I was wondering could a couple share a leased vehicle. Does the lease payments count on your credit score .


----------



## Old Rocker (Aug 20, 2015)

Muffinscupcake said:


> I was wondering could a couple share a leased vehicle. Does the lease payments count on your credit score .


Xchange leasing?


----------



## Muffinscupcake (Oct 30, 2015)

yes Xchange leasing .


----------



## Old Rocker (Aug 20, 2015)

I know my Xchange lease isn't on my credit report, although I imagine if I defaulted or fell behind in payments it probably would show up.

As far as sharing, the contract states that the vehicle is to be in control of the lessee at all times.


----------



## Muffinscupcake (Oct 30, 2015)

I dont want to share the contract I will be the only person listed on the contract but can someone else be listed as a driver . We was going to both use the car to drive uber


----------



## dirtylee (Sep 2, 2015)

Do it. Wreck it or not, doesn't matter. You can only get one car from xchange ever.


----------



## Jmarsbeats (Dec 9, 2016)

Muffinscupcake said:


> I was wondering could a couple share a leased vehicle. Does the lease payments count on your credit score .

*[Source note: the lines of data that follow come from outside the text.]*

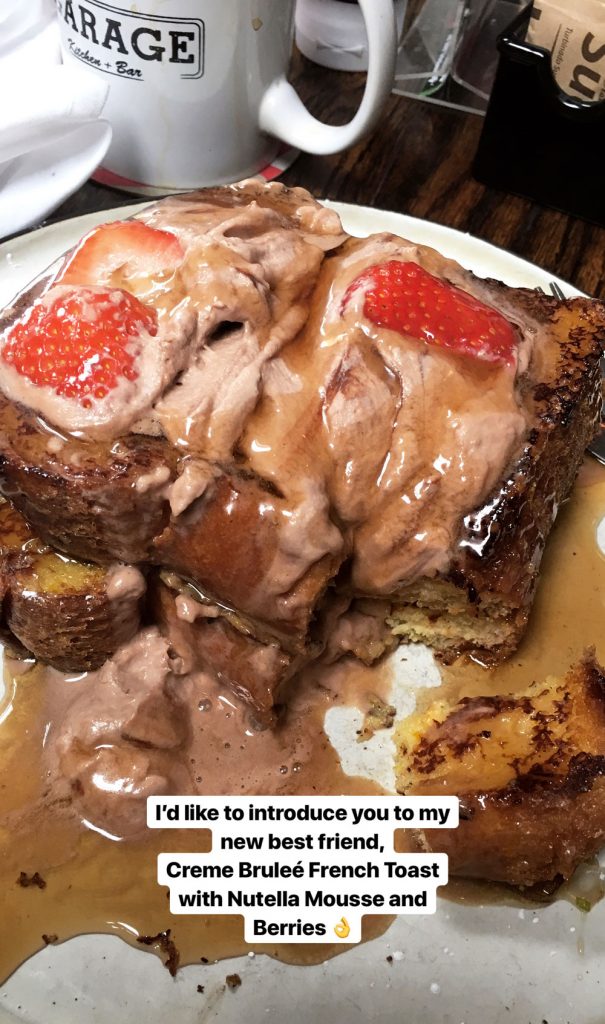 We got coffees, while Mom was happy with her Baileys cappuccino. Chris ordered the Going Back to Cali omelet which, you guessed it, isn’t shy on avocado, and Mom had the Steel Cut Oatmeal. I wanted something light to start the day, know we’d have a lot of places in front of us. With that in mind I went for the Creme Brulee French Toast with Nutella Mousse and Berries.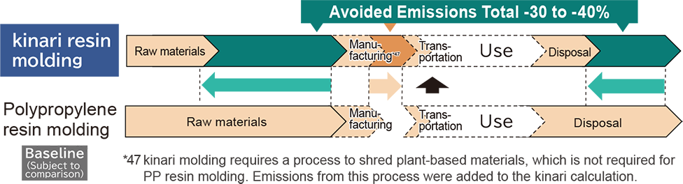 Compared to a standard petroleum-derived resin molding, a kinari molding can offer a CO2 emissions reduction effect in the phases of material procurement and molding disposal. Although kinari requires the shredding of plant materials, even taking account of the impact from such shredding, kinari molding’s CO2 emissions across its life cycle are smaller than those from petroleum-derived molding.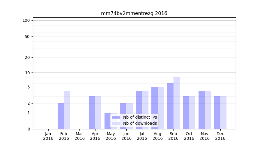 Number of downloads for annotation package mm74bv2mmentrezg, year by year, from 2025 back to 2014 (years with no downloads are omitted):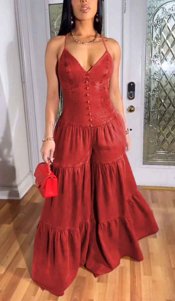 The upper part of the jumpsuit takes inspiration from the corset trend. Thin spaghetti straps delicately frame the shoulders and collarbones, offering a delicate counterpoint to the sturdy nature of denim. A plunging V - neckline draws the gaze downward, and a row of metallic buttons running down the center front serves both a functional and decorative purpose, evoking the charm of vintage lingerie. The fabric's tension subtly suggests a boning structure, cinching the waist and creating an hourglass figure that accentuates the body's curves. This isn't just a top; it's a sculptural creation that combines comfort, thanks to the stretchy denim, with a dramatic silhouette.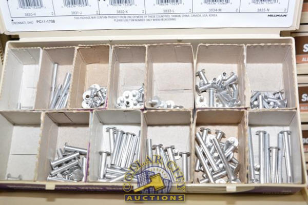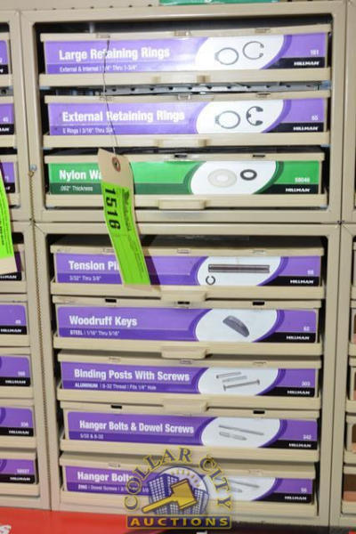 ORGANIZER BIN OF SNAP RINGS, NYLON WASHERS, TENSION PINS, WOODRUFF KEYS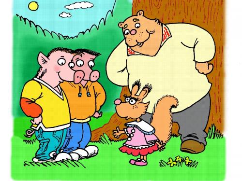 * Ведмідь Васильович не знав слів цієї пісеньки, тому лише підмугикував, і це дуже веселило кабанчиків.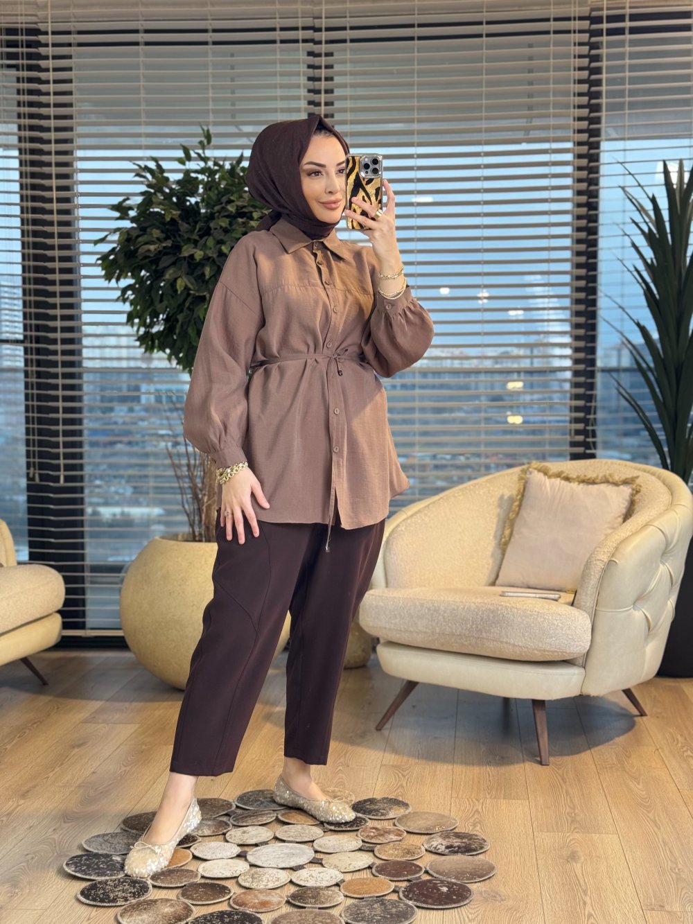 4464 Robası Dikişli Klasik Gömlek Vizon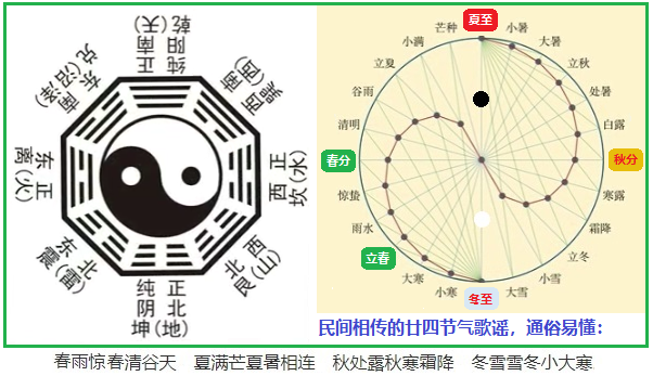八卦是中华先民理性思维和高度智慧的结晶。华夏7000年前伏羲创制的八卦图最初是用来分时纪年的,而在此基础上发展起来的廿四节气后来却大放异彩。所谓“太极生两仪,两仪生四象,四象生八卦”的阴阳变化,其实指的就是四季轮替,它代表了事务孕育、发展、成熟和衰亡的自然规律,告诉世人“变化,才是永恒不变的规律”这一本质!如果在八卦图上继续往下切分,就能很自然地从八卦图上得到廿四节气(见图)。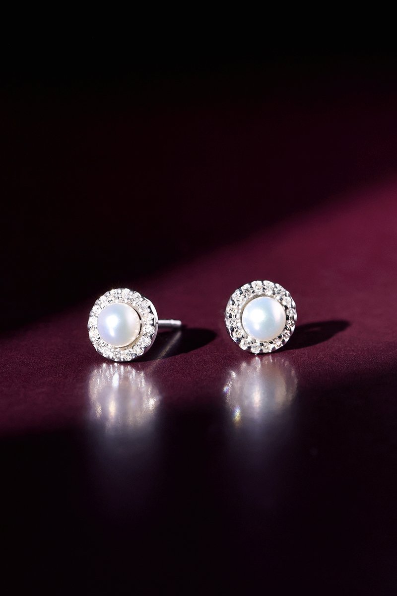 Oorbellen van witgoud ingelegd met 16 diamanten en 1 cultivéparel.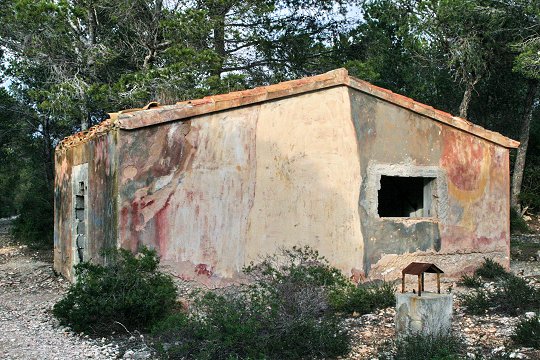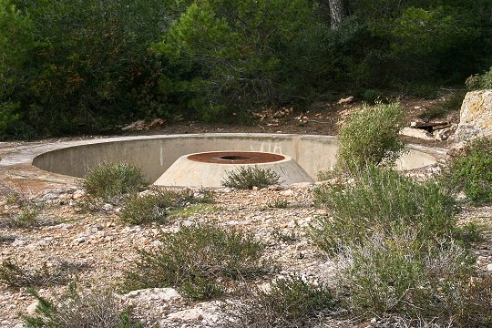 Über die Batterie Banco de Ibiza (E-1) ist nur sehr wenig bekannt. Im Jahre 1936 sollen hier während der Abessinien-Krise drei Küstengeschütze vom Typ Gonzales Rueda Modell 1902 aufgestellt worden sein. Diese Geschütze, Lizenzbauten der französischen Firma Schneider & Cie. waren ursprünglich auf den spanischen Kreuzern der Reina Regente-Klasse (Reina Regente, Alphonso XIII und Lepanto) eingesetzt, welche 1910 erbaut und 1926 aus der aktiven Liste gestrichen wurden. Nach Außerdienststellung der Schiffe fanden die Rohre der Artillerie weitere Verwendung in verschiedenen Seezielbatterien. Die Geschütze besaßen eine Rohrlänge von 7.500 mm, ein Projektilgewicht von 45 kg und eine Reichweite von 19.350 Metern. Höchste Feuerkadenz waren fünf Schuss pro Minute.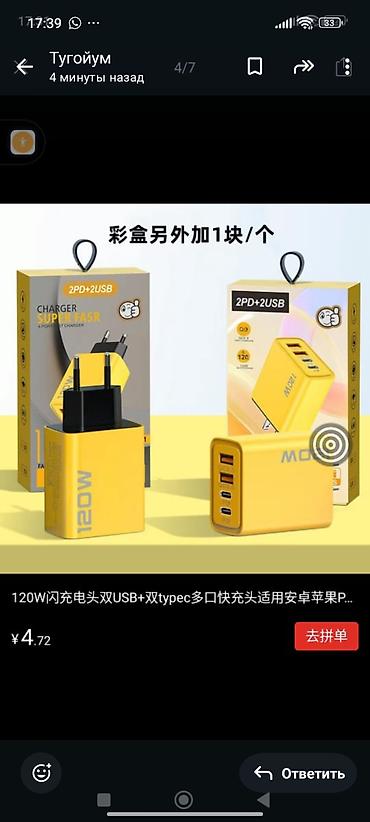 3) Зарядное устройство 120W (изображение упаковки «2PD+2USB»):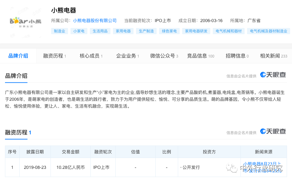 天眼查数据显示,广东小熊电器有限公司是一家以自主研发和生产“小”家电为主的企业,倡导妙想生活的理念,主要产品酸奶机,煮蛋器,电炖盅,电蒸锅等。
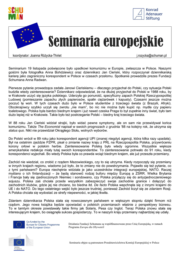 Seminaria europejskie koordynator: Joanna Różycka-Thiriet [email protected] Seminarium 19 listopada poświęcone było upadkowi komunizmu w Europie, zwłaszcza w Polsce. Naszymi gośćmi była fotografka Anna Bohdziewicz oraz dziennikarz Jan Cieński, który rozpoczynał dziennikarską karierę jako zagraniczny korespondent w Polsce w czasach przełomu. Spotkanie prowadziła prezes Fundacji Schumana Anna Radwan. Pierwsze pytanie prowadząca zadała Janowi Cieńskiemu – dlaczego przyjechał do Polski, czy sytuacja Polski budziła wtedy zainteresowanie? Dziennikarz odpowiedział, że na dłużej przyjechał do Polski w 1988 roku, by w Krakowie uczyć się języka polskiego. Uderzyła go ponurość, specyficzny zapach Polskiej Rzeczypospolitej Ludowej (pomieszanie zapachu złych papierosów, spalin ciężarówek i kapusty). Czasami jeszcze można poczuć tę woń. W tych czasach dużo było w Polsce studentów z trzeciego świata (z Brazylii, Afryki). Obcokrajowcy szybko uczyli się zwrotu „nie mam”, bo nic nie można było kupić np. mydła czy papieru toaletowego. Polska była bardzo biednym krajem i już nawet czeska Praga to był zupełnie inny świat, było tam dużo lepiej niż w Krakowie. Takie było też postrzeganie Polski – biedny kraj trzeciego świata. W 88 roku Jan Cieński widział strajki, było widać pewne symptomy, ale on sam nie przewidywał końca komunizmu. Także The Economist napisał w swoich prognozach z grudnia ‘88 na kolejny rok, że utrzyma się status quo. Nikt nie przewidział Okrągłego Stołu, wolnych wyborów. Do Polski wrócił w 89 roku jako korespondent agencji UPI (znanej niegdyś agencji, która kilka razy upadała). Był na ostatnim zjeździe PZPR, pisał o zmianie nazwy kraju z PRL na Rzeczpospolita Polska, przywróceniu korony orłowi w polskim herbie. Zainteresowanie Polską było wtedy ogromne. Wszystkie większe amerykańskie redakcje miały tutaj swoich korespondentów. To zainteresowanie potrwało do 91 roku, kiedy korespondenci wyjechali. Bo wtedy Polska była co prawda wciąż biednym krajem, ale już przeszła przemiany. Zachód nie wiedział, co zrobić z rządem Mazowieckiego, czy to się utrzyma. Kiedy rozpoczęły się przemiany w innych krajach regionu, wiadomo już było, że to zmiany nie do powstrzymania. Pojawiło się też pytanie, co z tymi państwami? Europa niechętnie widziała je jako uczestników integracji europejskiej, NATO. Raczej myślano o ich finlandyzacji – że będą stanowić rodzaj buforu między Europą a ZSRR. Wielka Brytania i Francja bały się zjednoczonych Niemiec i sondowano, czy Polska przyłączy się do antyzjednoczeniowego sojuszu. Polska zaś chciała przede wszystkim zabezpieczyć swoje zachodnie granice i dołączyć do zachodnich klubów, gdzie jej nie chciano, bo biedna itd. De facto Polska wepchnęła się z innymi krajami do UE i do NATO. Do tego ostatniego wejść było jeszcze trudniej, ponieważ Zachód liczył się ze zdaniem Rosji. A Polska chciała się wydostać ze strefy niepewności, w jakiej tkwiła. Zdaniem dziennikarza Polska stała się nowoczesnym państwem w większym stopniu dzięki firmom niż rządom. Jego nowa książka będzie opowiadać o polskich przemianach właśnie z perspektywy biznesu. To w tamtym okresie powstawały takie firmy jak Solaris, Pesa czy Inglot. Teraz Polska znowu stała się interesującym krajem, bo osiągnęła sukces gospodarczy. To w naszym kraju przemiany najbardziej się udały. Działania Fundacji Schumana są współfinansowane przez Unię Europejską, w ramach Programu Europa dla Obywateli Seminaria objęte są patronatem Przedstawicielstwa Komisji Europejskiej w Polsce Następnie Anna Bohdziewicz zaprezentowała swoje zdjęcia. Pochodzą one z jej Fotodziennika prowadzonego od roku 1982. Była to reakcja na wprowadzenie stanu wojennego, koniec karnawału Solidarności i na komunistyczną propagandę. Sama opatruje swoje zdjęcia komentarzami. Tego popołudnia zaprezentowała zdjęcia z 86 i 89 roku. Dotyczą one głównie Warszawy, bo to prywatny dziennik osoby mieszkającej w tym mieście. 86 rok to ciężka zima ze szwankującym centralnym ogrzewaniem. To totalny niedobór towarów. Kolejki stały nawet do kiosków, bo gazet też brakowało. W tym roku robiono totalny remont Mostu Poniatowskiego. Miał też miejsce wybuch w elektrowni w Czarnobylu, o którym początkowo nic Polakom nie powiedziano. A potem ludzie rzucili się do aptek kupić płyn Lugola mający ochronić tarczycę przed skutkami promieniowania. W tamtych czasach silne było powiązanie Solidarności z Kościołem. Silna była pamięć o ks. Jerzym Popiełuszce, który został zamordowany kilka lat wcześniej. W drugiej połowie lat 80-tych mięso było gorącym tematem, bo go brakowało (fotografka często robiła zdjęcia mięsa). Anna Bohdziewicz rokrocznie fotografowała też na koniec roku generała Jaruzelskiego – ekran telewizora podczas jego wystąpienia. W 89 roku już coś się czuło w powietrzu – opowiadała fotografka. 89 rok to obrady Okrągłego Stołu. Jedno z pokazanych zdjęć przedstawiało zdjęcie bankietu po zakończeniu obrad okrągłostołowych. Wspólne picie wódki przez przedstawicieli władzy i opozycji przyczyniło się do oskarżania tej ostatniej o zdradę. Już w 89 roku rozpoczęły się manifestacje dotyczące dopuszczalności aborcji. A w dzień wyboru generała Jaruzelskiego na prezydenta (co było częścią okrągłostołowego kompromisu) pod Sejmem odbywały się protesty. Jednym z najważniejszych wydarzeń tego roku było zburzenie pomnika Feliksa Dzierżyńskiego na Placu Bankowym w Warszawie. Było zimno, a cała operacja trwała kilka godzin. Zdaniem fotografki nie warto wracać do tych czasów, ale jednak w tym systemie ludzie żyli i przeżywali swoją młodość. Jan Cieński dodał, że kiedy był korespondentem w Moskwie spotkał ludzi dobrze wspominających radzieckie lata 30-te (kojarzone powszechnie z wielkimi 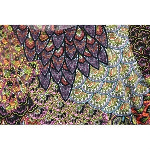 This is a MSK multicolor dress that is a size Medium. It is silky and has long bell sleeves. The colors are really beautiful. The pictures do not do it justice. It is 96% Polyester and 4% Spandex. In great condition.

Hi did you ever get a respond to this? My wife and I want to do the same as both of our cars 2 door. Thanks


----------



## FrankLStanton (Oct 18, 2016)

As far as two people using the same vehicle, why would the lessor care so long as payments are made by the person/entity named in the lease? Think of the various parents that lease a vehicle for their kids. Xchange should be no different. They ARE getting a significant premium, after all! 

I thought everyone qualified for Xchange, regardless of credit. Just my thoughts.


----------



## Adieu (Feb 21, 2016)

They meant can they get the car uploaded into 2 driver accounts lol


----------



## Adieu (Feb 21, 2016)

Your problem would be lack oF good hours in week or never seeing each other at all if going hardcore

And for mild rideshare, xchange is BRUTALLY expensive


----------



## Adieu (Feb 21, 2016)

Just buy the oldest van you can squeeze into your market's XL platform


----------